Oblique soundsystem murderers from Killing Sound, the trio of Amos Childs, Seb Gainsborough and Sam Kidel.
Members of Bristol's noted Young Echo collective, Killing Sound make their full recorded debut on this self-titled 2x12", its four tracks cut obnoxiously loud across four sides by Matt Colton at Alchemy, London.


Bristol's Vessel, El Kid and Jabu, part of the Young Echo collective, follow 2012's excellent Killing Sound tape for No Corners with this heavy doublepack for Blackest Ever Black. Described by the label as containing "four oblique soundsystem murderers", the EP is in some respects a bit of a side-step for BEB, edging away from their largely post-industrial and archival leanings in favour of something much more contemporary. Young Echo have had an incredible amount of press and attention over the last 18 months, testament perhaps to the rich and diverse number of projects its members have been and are involved with, as well their roots in Bristol's renowned soundsystem culture.
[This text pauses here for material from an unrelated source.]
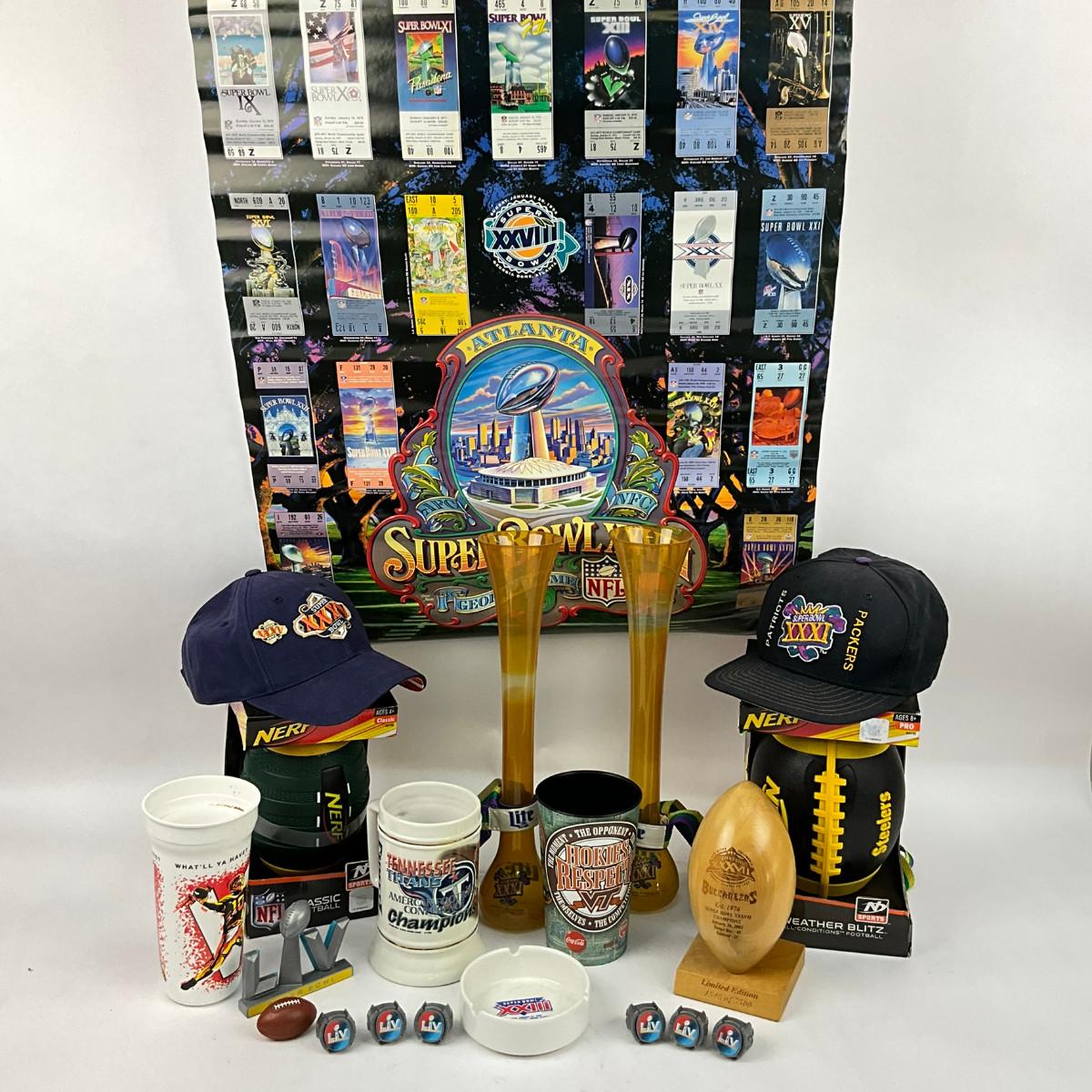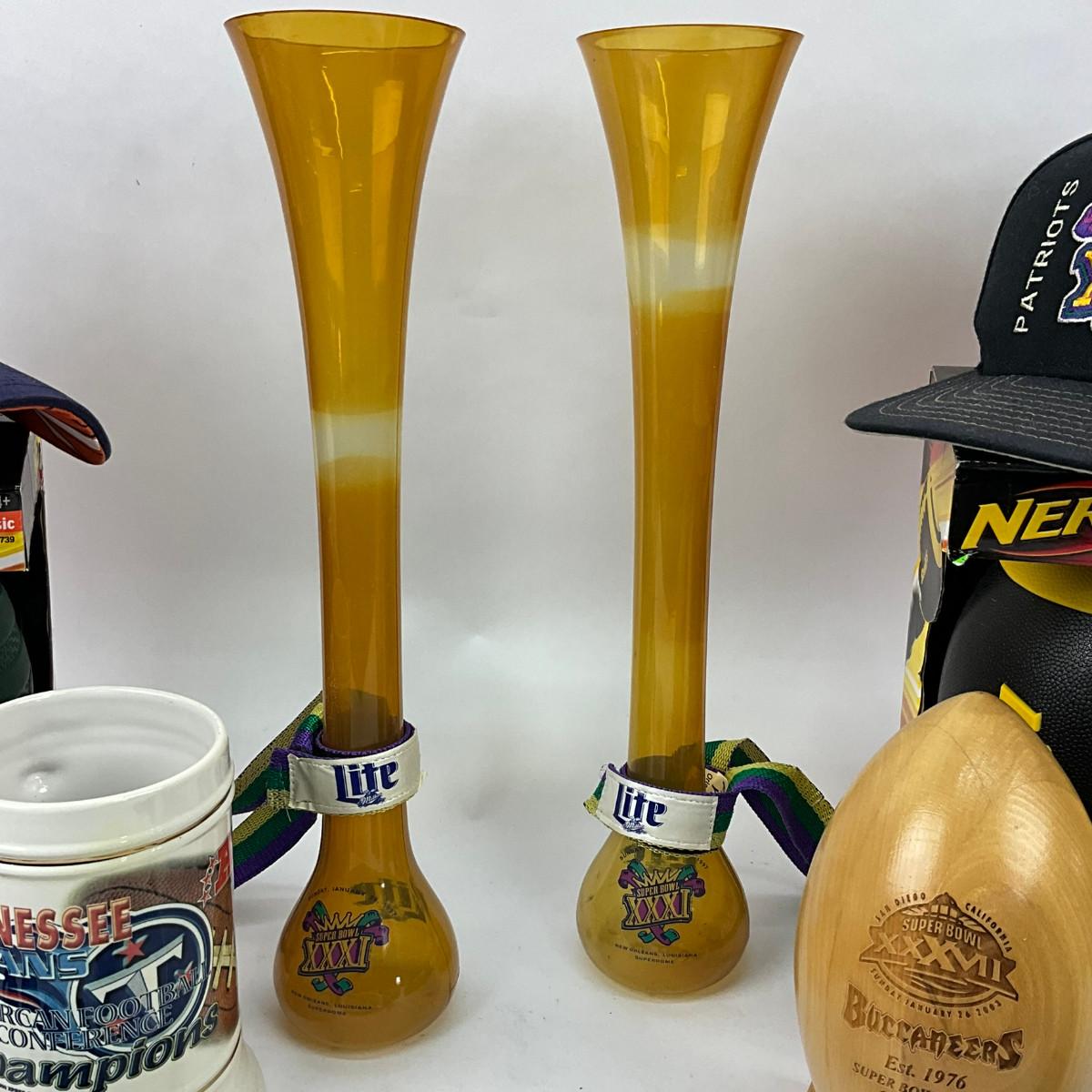 Two Nerf footballs, two vintage lite beer mugs, wooden super bowl XXXVII 2003 limited edition 1546 of 7500, two cups, 1 mug

But the material on offer here is quite removed from the classic dubwise aesthetic you might associate with the city, instead Killing Sound demonstrate an enviable amount of self restraint through four slow-building, widescreen productions. "Six Harmonies" is perhaps the most striking of the four tracks on offer, making use of Sino-signatures that evoke the spirit of Photek's classic "Ni-Ten-Ichi-Ryu", albeit shorn of percussion, instead engineering hi-tech ambience that leans on the simplest components - even a small shift in pitch at the very end of the track startles. "Thousand Hands' makes use of more obvious soundsystem archetypes, with dub stabs, electronic pulses and gunshots scattered throughout the track, yet once again the execution is measured and withdrawn, opting away from the obvious in favour of tense, atmospheric ambience. "Eight Methods" is more evocative and ordinary, a kind of looped, treated symphonic ambience you've probably heard many times before, while "Water Boxing" ends the set with a regimented percussive number that steers clear of obvious drops - once again to great effect. - Boomkat

Killing Sound is yet another outgrowth of the endlessly recombinant Young Echo collective; this time it's members Vessel, El Kid and Jabu at the controls. The shadowy, abstract aesthetic of the group's solo debut will be familiar to Young Echo fans, but here it's reduced to its barest essence. The resultant meditative assemblages, all tawny bell-tones and submerged percussion, find a suitable home on Blackest Ever Black. Still, the soundsystem values that animate many Young Echo projects remain central. These four tracks have been pressed one-per-side to a double-12-inch, ensuring maximum loudness and bass response. And musically, dub—both as process and as sound source—is a strong presence. "Thousand Hands" opens with arid skank-chords and bleeping sirens, joined in the latter half by what sounds like a machinegun unloading into a spring reverb. "Water Boxing," meanwhile, transforms what could be the crackle-strewn intro from an old roots reggae tune into a taut study in bass pressure.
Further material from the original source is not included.